Was zur Debatte stand, ist jetzt Fakt: Lastwagen-Hersteller MAN baut laut einem Insider rund 1800 Stellen ab. Die meisten Jobs fallen in der Verwaltung weg. Betriebsbedingte Kündigungen seien aber nicht geplant.

MAN streicht in der Lkw-Fertigung rund 1800 Jobs

MAN streicht in der Lkw-Fertigung Insidern zufolge rund 1800 Jobs

MAN streicht in der Lkw-Fertigung Insidern zufolge rund 1800 Jobs. In der Nutzfahrzeugsparte fallen circa 1400 Stellen in der Verwaltung weg, etwa 400 direkt in der Produktion, sagten zwei mit der Situation vertraute Personen am Mittwoch der Nachrichtenagentur Reuters. Betriebsbedingte Kündigungen seien nicht geplant, der Abbau solle über Abfindungen oder Altersteilzeit vonstatten gehen. MAN wollte sich dazu nicht äußern.

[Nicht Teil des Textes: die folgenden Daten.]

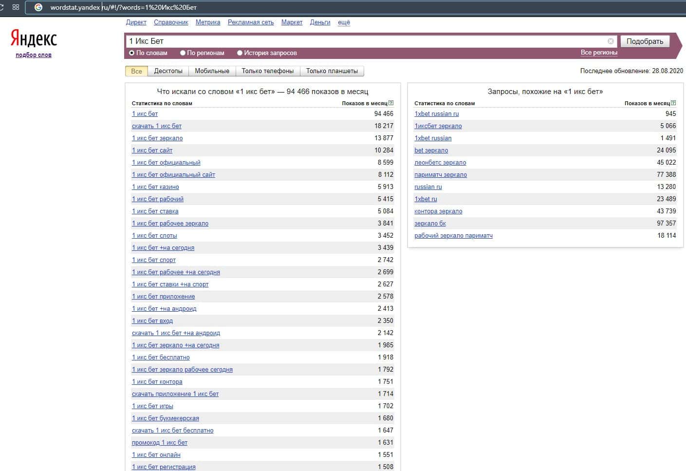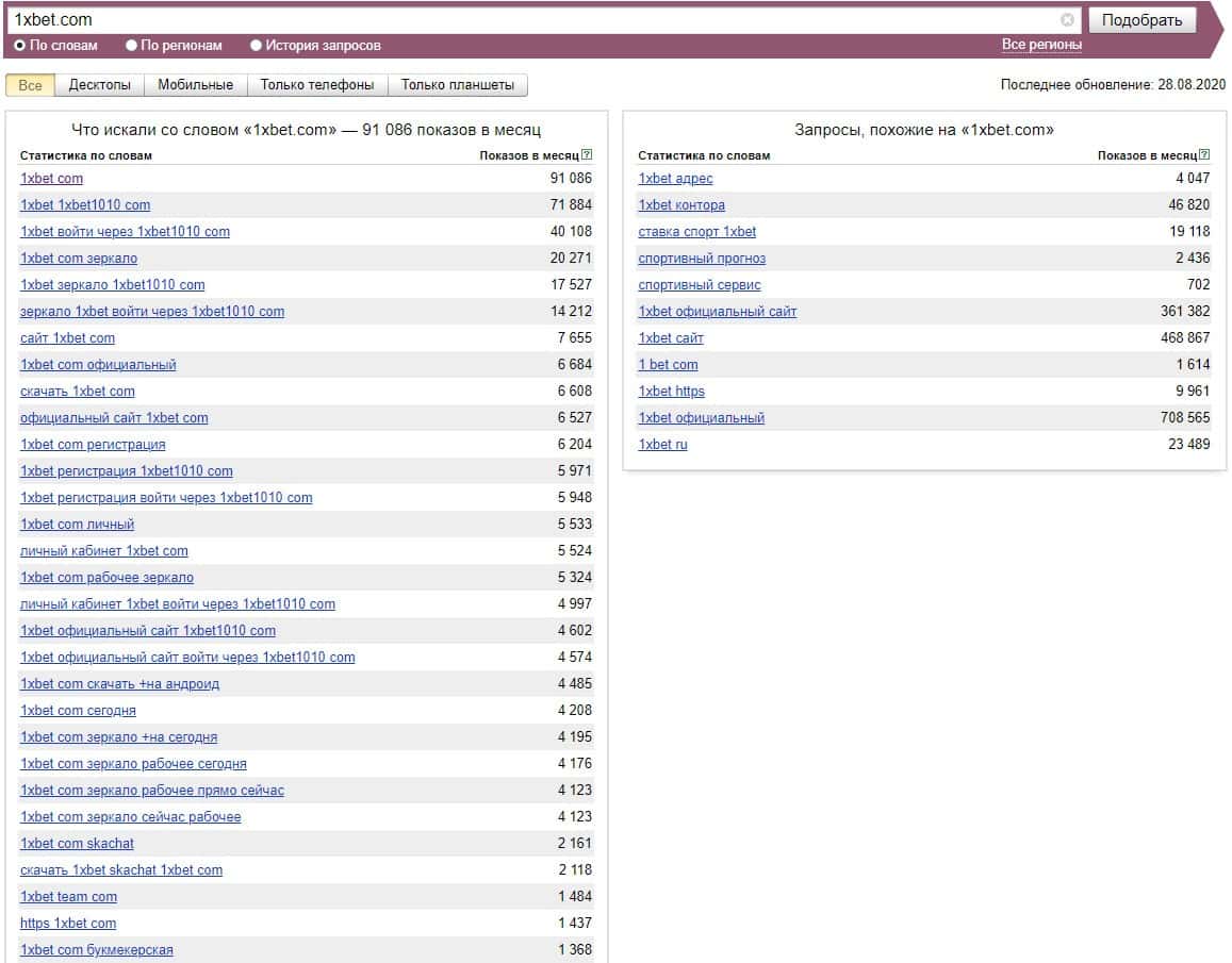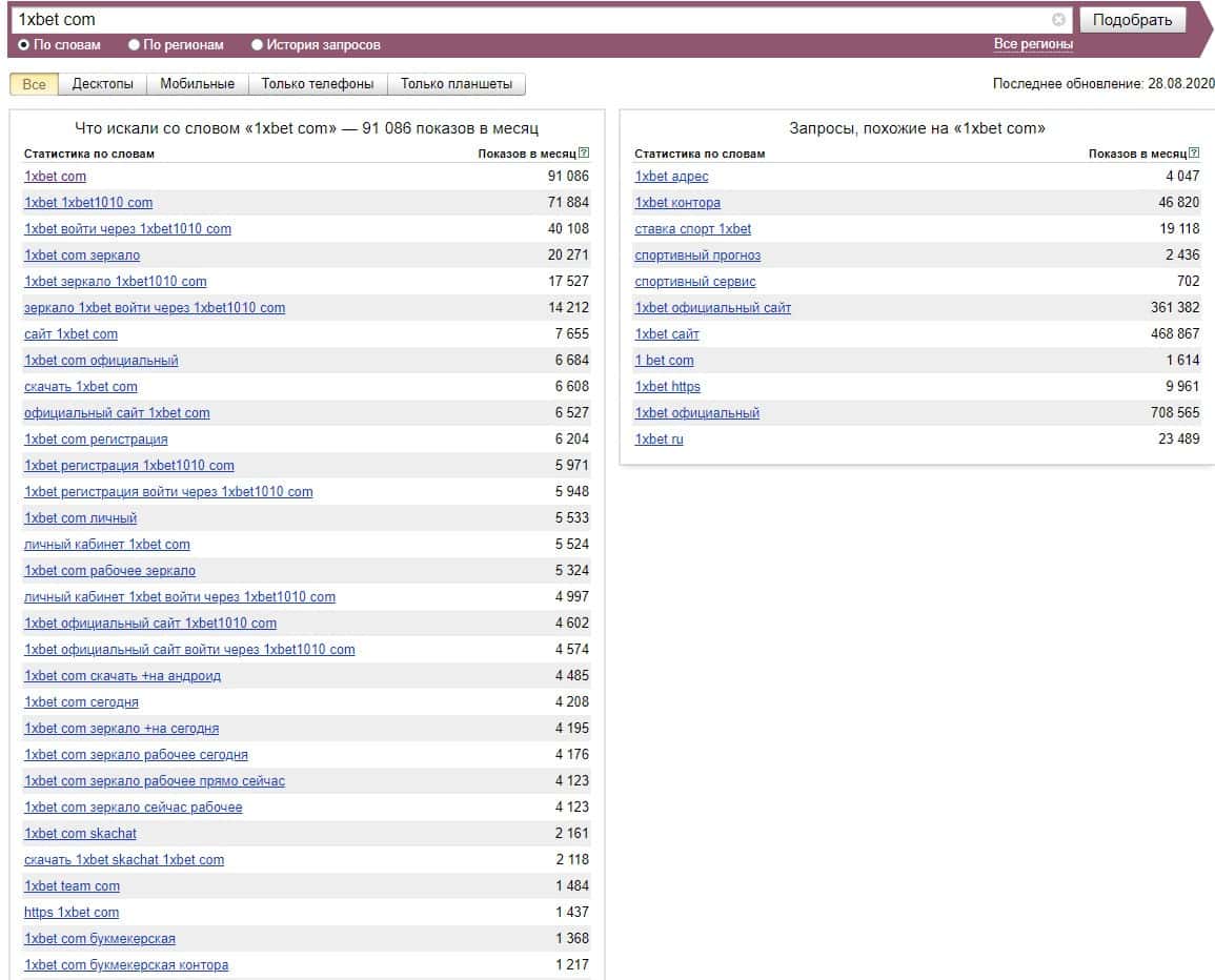 Если ввести в проверку сайт конторы без точки "1xbet com", то система выдает свыше 90 000 показов за последний месяц в поисковой системе Яндекс.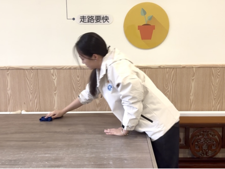 活动当天,志愿者们统一着装,精神饱满地抵达敬老院。在工作人员的安排下,大家迅速投入服务,分为清洁组与陪伴组,有序开展各项工作。清洁组同学细致擦拭窗台、桌椅,协助整理老人房间,过程中始终尊重老人意愿,轻手轻脚、不扰不乱,以真诚细致的劳动为老人们营造更加整洁舒适的居住环境。
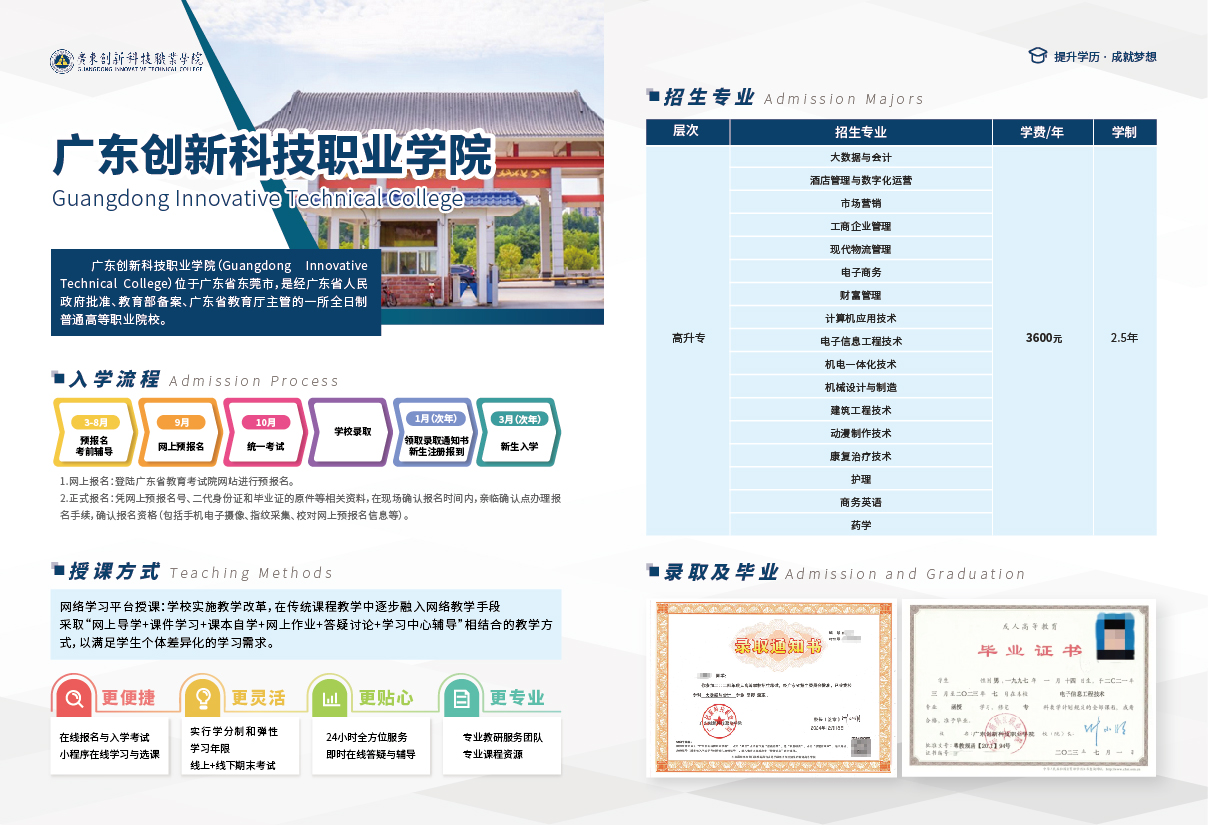 广东创新科技职业学院成立于 2011年,是一所经广东省人民政府批准、教育部备案,由广东省教育厅主管的全日制普通高等职业院校。学校下设信息工程学院、智能制造学院、建筑与设计学院、医药健康学院、经济管理学院、人文教育学院、马克思主义学院及中职部等8个二级学院,开设70个专业。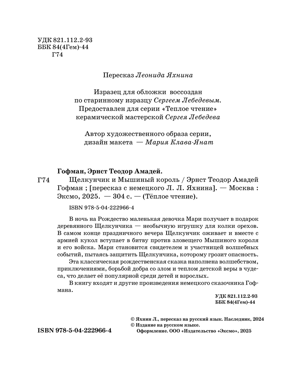 В книгу входят и другие произведения немецкого сказочника Гофмана.

MAN-Mitarbeiter über Pläne informiert

In den Werken München, Nürnberg, Salzgitter und Steyr wurden die Mitarbeiter am Mittwoch auf außerordentlichen Betriebsversammlungen über die Umstrukturierungspläne des Konzerns informiert. Auch das "Handelsblatt" hatte über die geplanten Stellenstreichungen berichtet.

MAN Truck &  Bus beschäftigt weltweit circa 33.500 Menschen, in Deutschland sind es etwa 15.200. Reuters hatte bereits in der vergangenen Woche berichtet, dass der Konzern künftig nur noch an drei statt wie bisher an vier Standorten in Europa Lastwagen bauen will, und dass im Zuge der Straffung der Produktion bis zu 2000 Arbeitsplätze wegfallen.